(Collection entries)
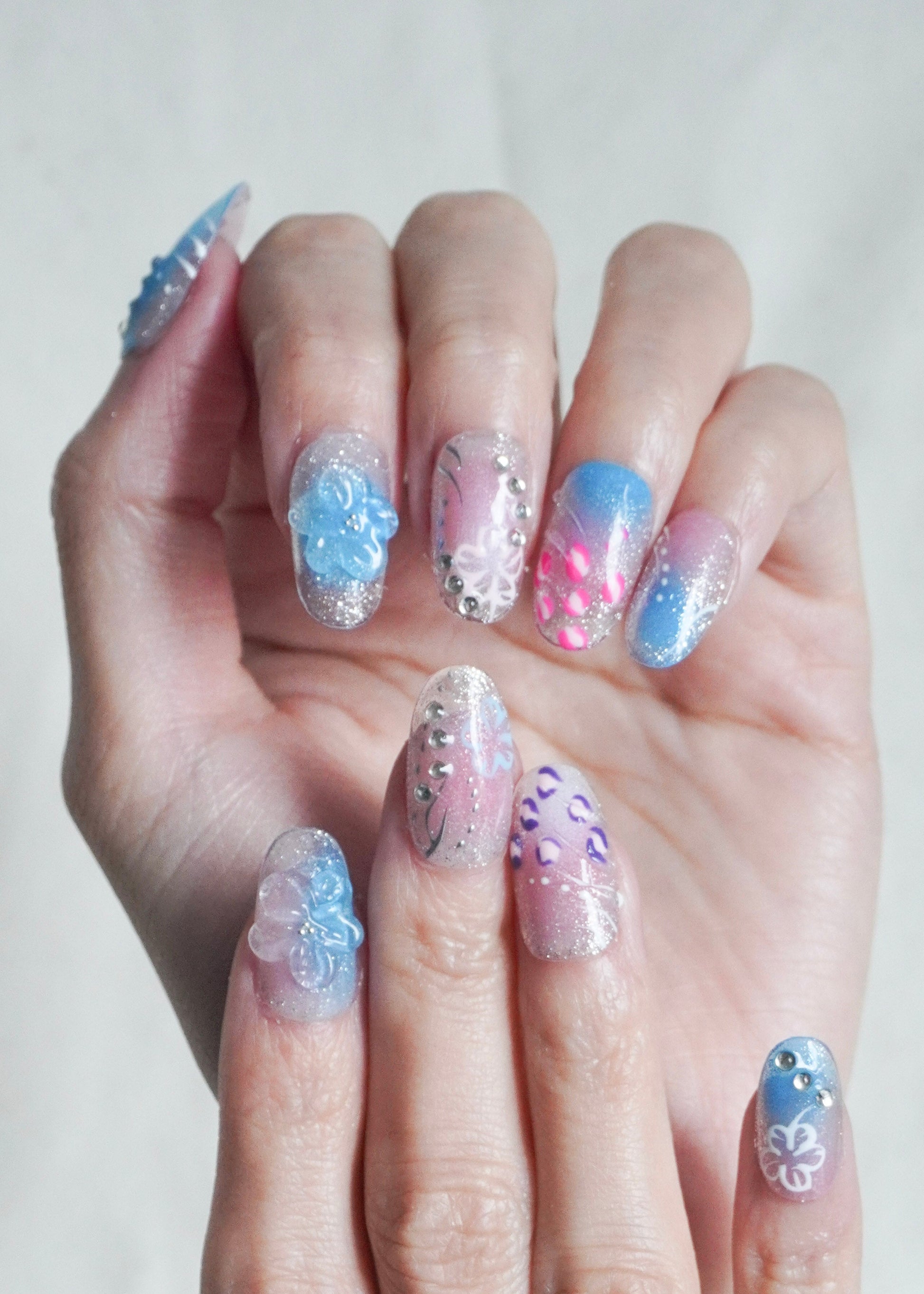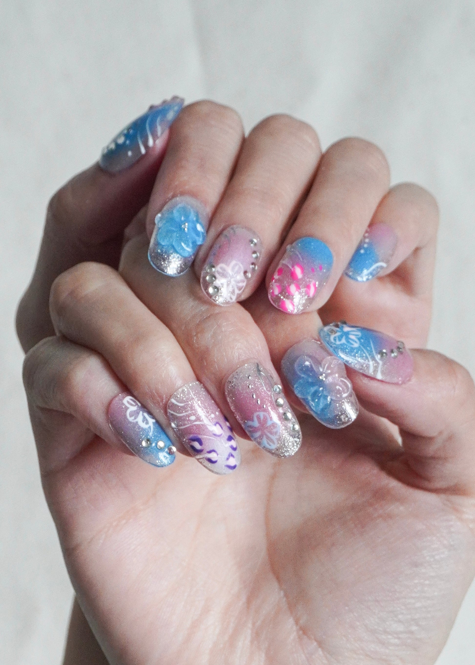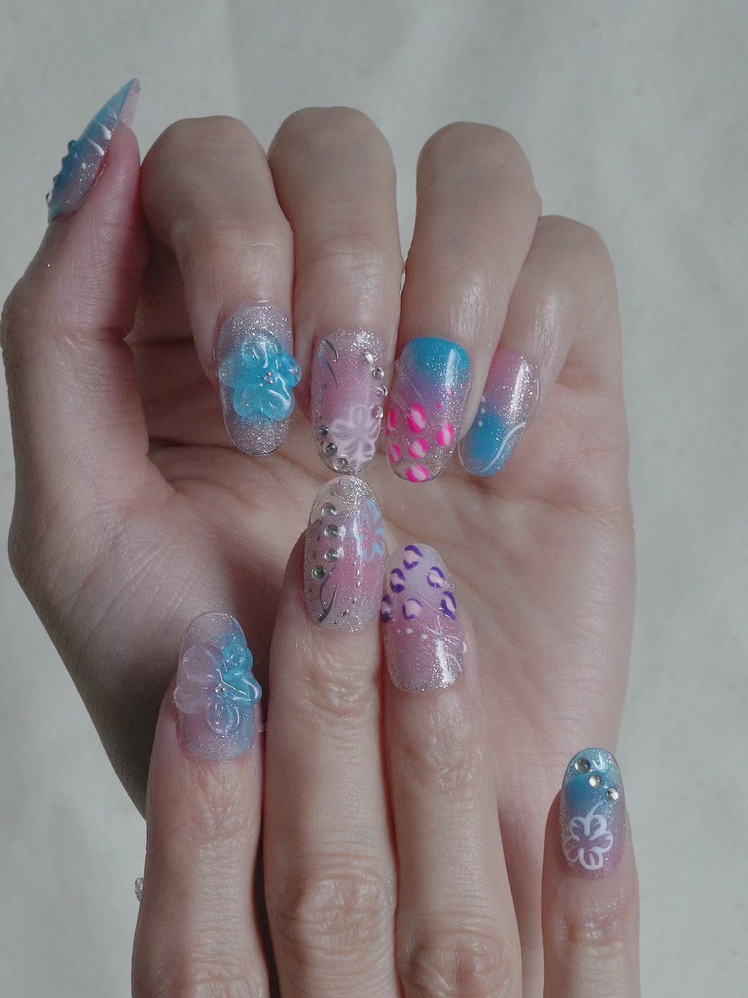 Island Glaze Press On Nail Set captures that carefree holiday feeling in every detail. With a pink-to-blue ombré base, sparkling silver gems, and hand-drawn floral accents, this set is made for sunny getaways, beach cocktails, and poolside selfies. Glossy, fun, and full of summer mood.
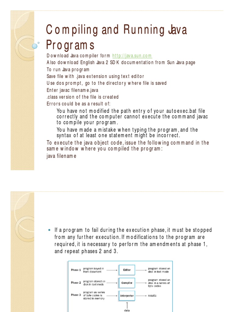 Explain the process of compiling and running java program with sample ...
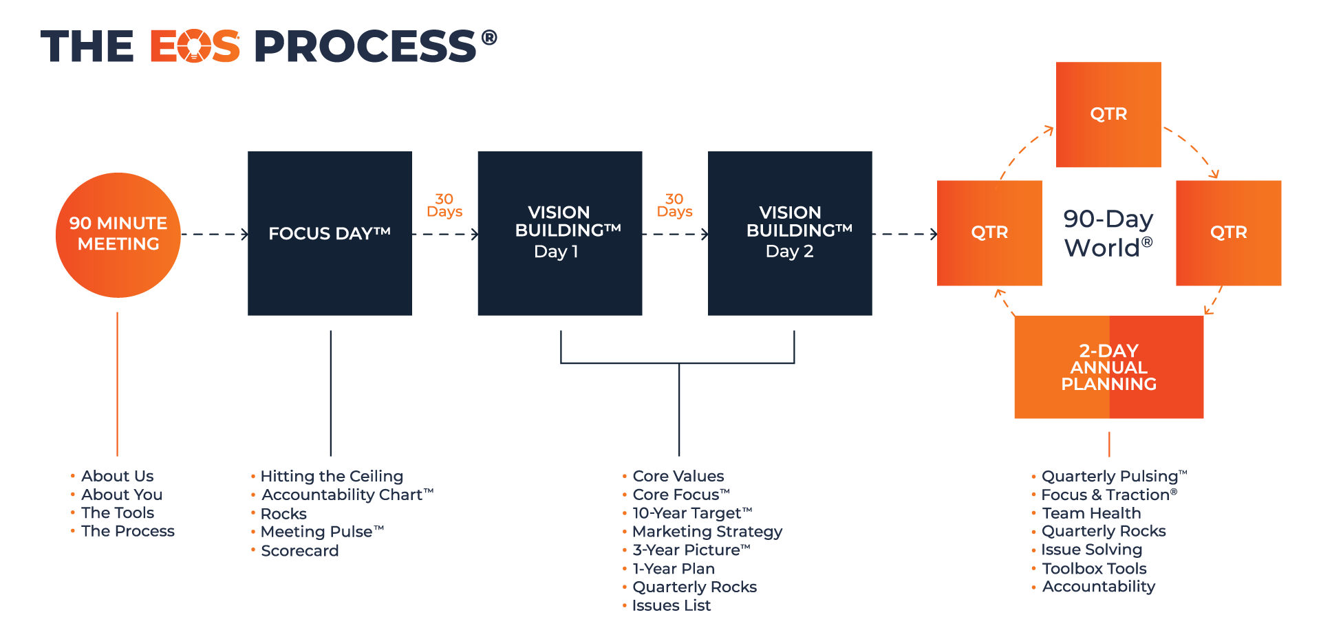 If you want to achieve your goals quicker, there is no finer way than working with someone that has been there, seen it and done it. Using the EOS system purely, this is what an Implementer does. Teaches, facilitates and coaches the senior leadership teams to success following the Proven Process below.
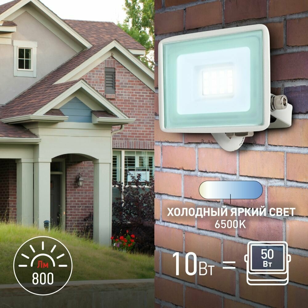 Прожектор светодиодный уличный ЭРА LPR-023-W-65K-010 10Вт 6500K 800Лм IP65 белый арт. Б0054639 (1 шт.)
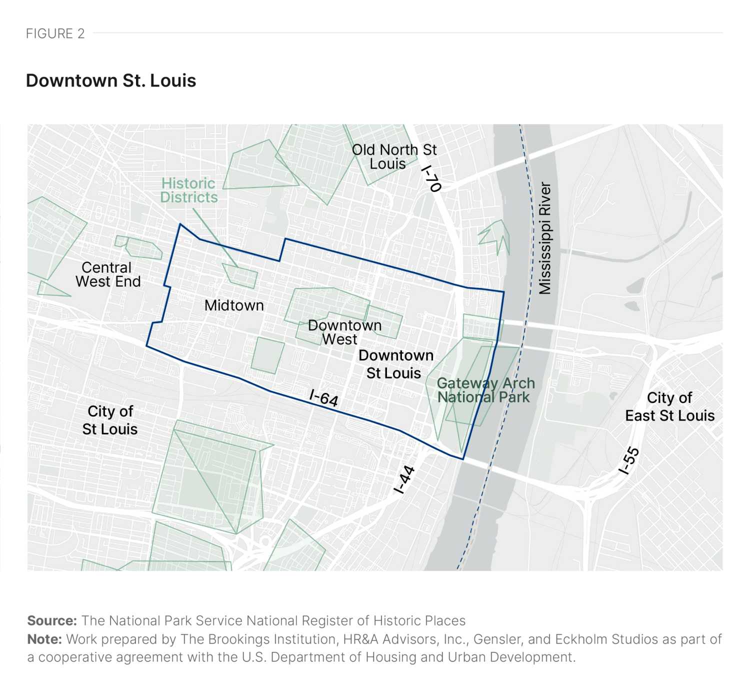 Downtown St. Louis covers an area of 1.9 square miles, from the Mississippi riverfront to T.E. Huntley Avenue, and bounded by Dr. Martin Luther King Drive and Cole Street to the north and I-64 to the south (Figure 2). Historically a working waterfront, St. Louis’ downtown concentrated commercial uses as the city rapidly grew within its fixed boundaries through the 19th and 20th centuries. Several rounds of rebuilding characterize the city and its downtown, leaving a distinctive mark on historic architecture. The fire of 1849 destroyed 15 city blocks of the central business district and some of the city’s oldest buildings, after which new buildings used more fireproof materials, such as brick with stone or cast iron facades.
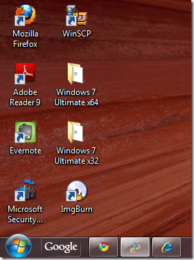 Here’s a screenshot with the new smaller taskbar in comparison to the large desktop icons.
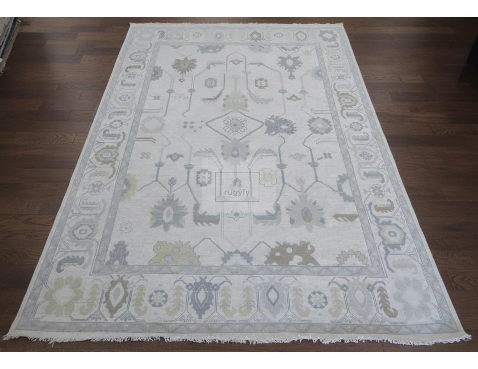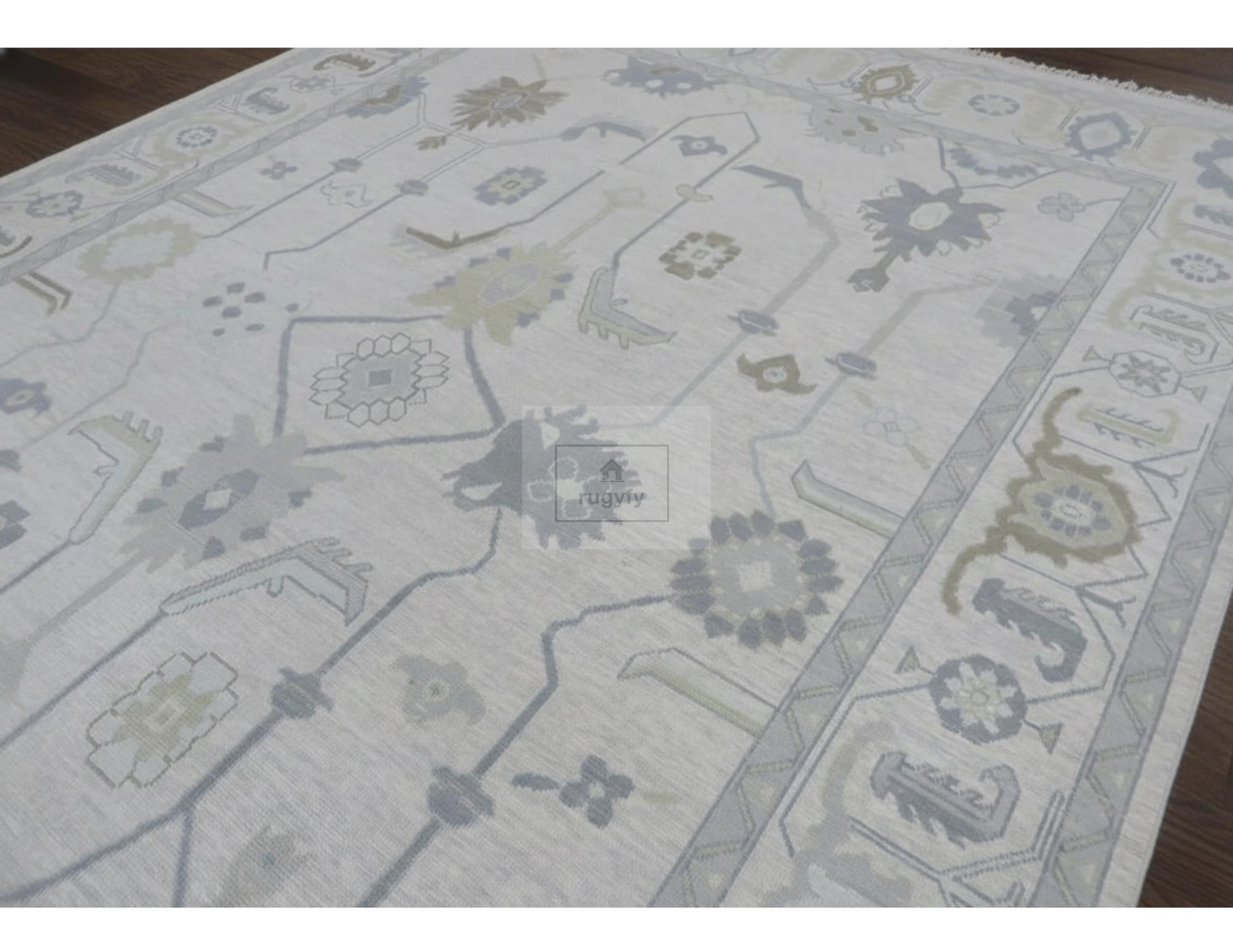 Large Oushak Wool Rug Hand Knotted – Cream Ivory Blue Green Gray Traditional Turkish Floral Area Rug | Multiple Sizes
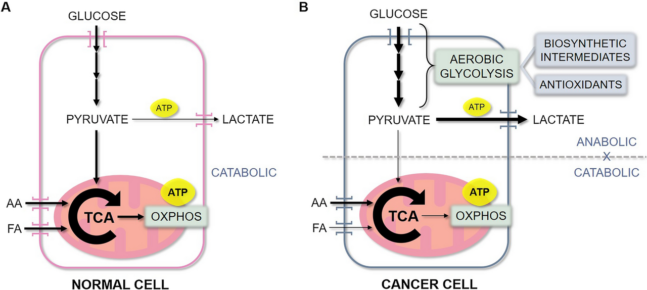 A 정상 세포에서 ATP 형태의 에너지는 일반적으로 미토콘드리아 TCA 회로 및 OXPHOS에서 생성된 생성물의 산화와 초기 분해(글루코스 분자당 소량의 ATP-2 ATP 생성)의 결합을 통해 포도당으로부터 얻습니다. (대량의 ATP 생성 - 포도당 분자당 34ATP).
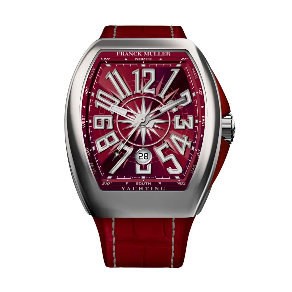 Franck Muller Vanguard Yachting V43 SC DT YACHT (BO) — это сочетание швейцарской часовой точности и морского вдохновения. Корпус из полированной нержавеющей стали размером 42,5 × 52,7 мм украшен эффектными бордовыми вставками по бокам. Прочное сапфировое стекло устойчиво к царапинам, а водонепроницаемость до 30 метров делает часы подходящими для повседневного ношения.
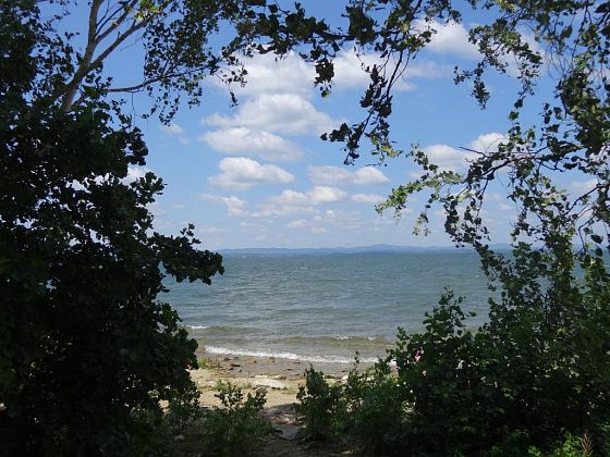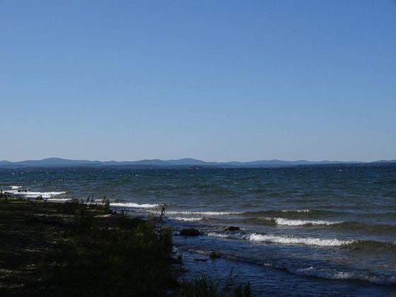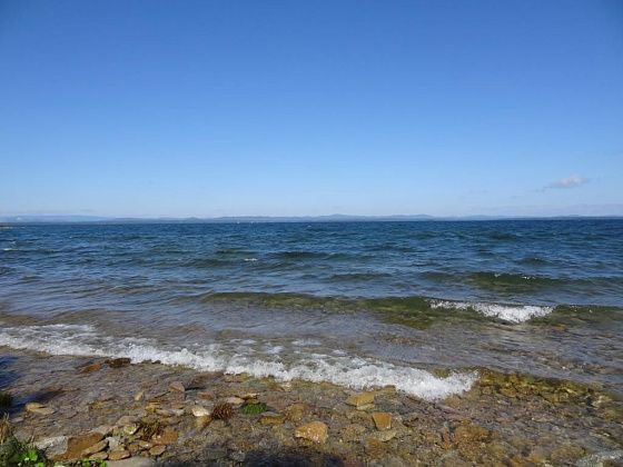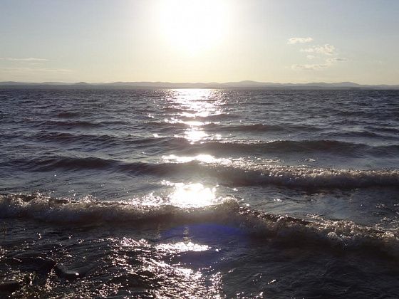 Это сразу бьет под дых: идешь к озеру, а оно прикидывается морем. Синь, которая переходит в зелень, которая переходит в голубоватый хрусталь, который разбивается о берег… Чайки, разумеется; и ветер, и волны, и голубоватая дымка, а в ней намек на горы… совершенно крымский пейзаж.
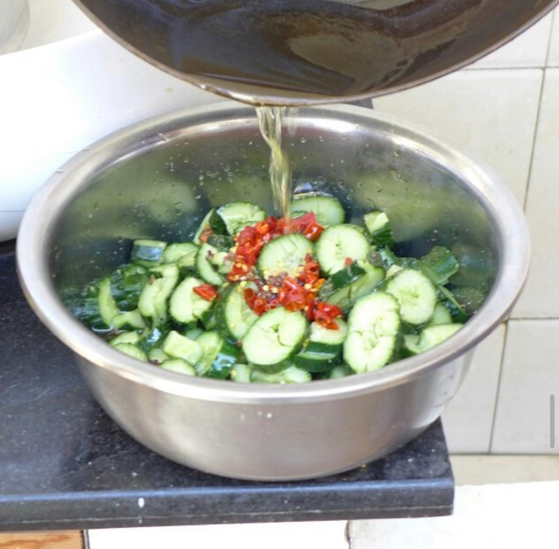 중국고추장을 사용해서 한국의 매운맛을 제대로 표현 못했음에도 불구하고 정말 맛있다며 두그릇 세그릇 먹는 사람들을 보니 정말 고맙고 눈물이 났다. 감정을 바로 잡고 토마토 절임은 어떠냐고 물어봤다. 이내 손으로 따봉 표시를 하는 사람들, 내가 먹었는데도 어릴때 할머니 곁에서 먹던 그 맛이 나서 눈가가 촉촉해졌다.
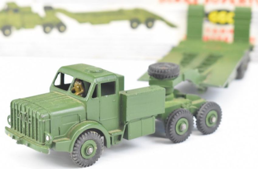 Three Dinky Toys diecast military vehicles comprising 10-Ton Army Truck 622, Recovery Tractor 661 and Medium Artillery Tractor 689, all in original boxes.
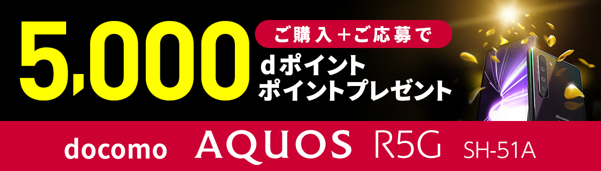 期間中にdocomo AQUOS R5G SH-51Aをご購入し、キャンペーンにご応募いただくと、dポイント5,000ポイントプレゼント!
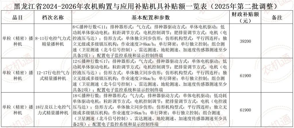 关于《黑龙江省2024—2026年农机购置与应用补贴机具补贴额一览表(2025年第二批调整)》的通告
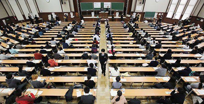 大学入試センター試験に臨む受験生=2017年1月14日、東京都文京区の東京大学(写真=時事通信フォト)
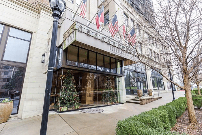 This beautiful two bedroom/two-and-a-half bath unit at The Astoria — one of Buckhead’s best boutique condo buildings — has a private entry foyer leading to an open dining room and living room area with a fireplace. The kitchen features Thermador appliances, Kohler fixtures, and custom stained cabinetry.
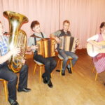 Evi und Andreas Hell waren tief berührt angesichts der ganzen Aktion und waren überwältigt, als Martina Gaukler die bislang eingegangenen Spenden erwähnte. Dies waren von Trachtenvereinen 11.860 Euro (Amerang, Marquartstein, Frasdorf, Atzing, Wildenwart, Hittenkirchen, Hohenaschau und Grabenstätt), dazu brachte an diesem Abend noch der Trachtenverein Rottau von seiner Klöpfelaktion sowie vom Marmeladenverkauf im Dorfladen einen Betrag von 3.790 Euro mit, desweiteren gab es aufgrund des Trachtler-Aufrufes noch viele Einzelspenden. „Das sind bis dato 24.339,60 Euro, das Eure notwendigen Baumaßnahmen und das Leben leichter machen sollen“. „Bin froh, ein Trachtler zu sein, habe die Jugendleitung in unserem Verein immer gerne gemacht“ – mit diesen Worten dankte Andreas Hell seinem Staudacher Verein, der Bürgermeisterin und den Vertretern der Trachtenvereine, die bislang geholfen haben. Ein weiterer Dank galt all jenen Leuten, die sich beim Organisieren der Spenden und bei den Klöpfelgehen-Aktionen mit eingebracht haben sowie den vier jungen Musikanten aus den Reihen der Staudacher Aktiven, die als „Haudi-Zuawa-Musi“ dem besonderen Abend auch noch ein passendes musikalisches Gepräge gaben – natürlich ohne Gage zu verlangen.

#### WORK TO BE COMPLETED:
From the records above, copy only the lines running from the line holding "A 정상 세포에서 ATP" through the line holding "This beautiful two", with no pictures.

#### ANSWER BOX:
 A 정상 세포에서 ATP 형태의 에너지는 일반적으로 미토콘드리아 TCA 회로 및 OXPHOS에서 생성된 생성물의 산화와 초기 분해(글루코스 분자당 소량의 ATP-2 ATP 생성)의 결합을 통해 포도당으로부터 얻습니다. (대량의 ATP 생성 - 포도당 분자당 34ATP).
 Franck Muller Vanguard Yachting V43 SC DT YACHT (BO) — это сочетание швейцарской часовой точности и морского вдохновения. Корпус из полированной нержавеющей стали размером 42,5 × 52,7 мм украшен эффектными бордовыми вставками по бокам. Прочное сапфировое стекло устойчиво к царапинам, а водонепроницаемость до 30 метров делает часы подходящими для повседневного ношения.
 Это сразу бьет под дых: идешь к озеру, а оно прикидывается морем. Синь, которая переходит в зелень, которая переходит в голубоватый хрусталь, который разбивается о берег… Чайки, разумеется; и ветер, и волны, и голубоватая дымка, а в ней намек на горы… совершенно крымский пейзаж.
 중국고추장을 사용해서 한국의 매운맛을 제대로 표현 못했음에도 불구하고 정말 맛있다며 두그릇 세그릇 먹는 사람들을 보니 정말 고맙고 눈물이 났다. 감정을 바로 잡고 토마토 절임은 어떠냐고 물어봤다. 이내 손으로 따봉 표시를 하는 사람들, 내가 먹었는데도 어릴때 할머니 곁에서 먹던 그 맛이 나서 눈가가 촉촉해졌다.
 Three Dinky Toys diecast military vehicles comprising 10-Ton Army Truck 622, Recovery Tractor 661 and Medium Artillery Tractor 689, all in original boxes.
 期間中にdocomo AQUOS R5G SH-51Aをご購入し、キャンペーンにご応募いただくと、dポイント5,000ポイントプレゼント!
 关于《黑龙江省2024—2026年农机购置与应用补贴机具补贴额一览表(2025年第二批调整)》的通告
 大学入試センター試験に臨む受験生=2017年1月14日、東京都文京区の東京大学(写真=時事通信フォト)
 This beautiful two bedroom/two-and-a-half bath unit at The Astoria — one of Buckhead’s best boutique condo buildings — has a private entry foyer leading to an open dining room and living room area with a fireplace. The kitchen features Thermador appliances, Kohler fixtures, and custom stained cabinetry.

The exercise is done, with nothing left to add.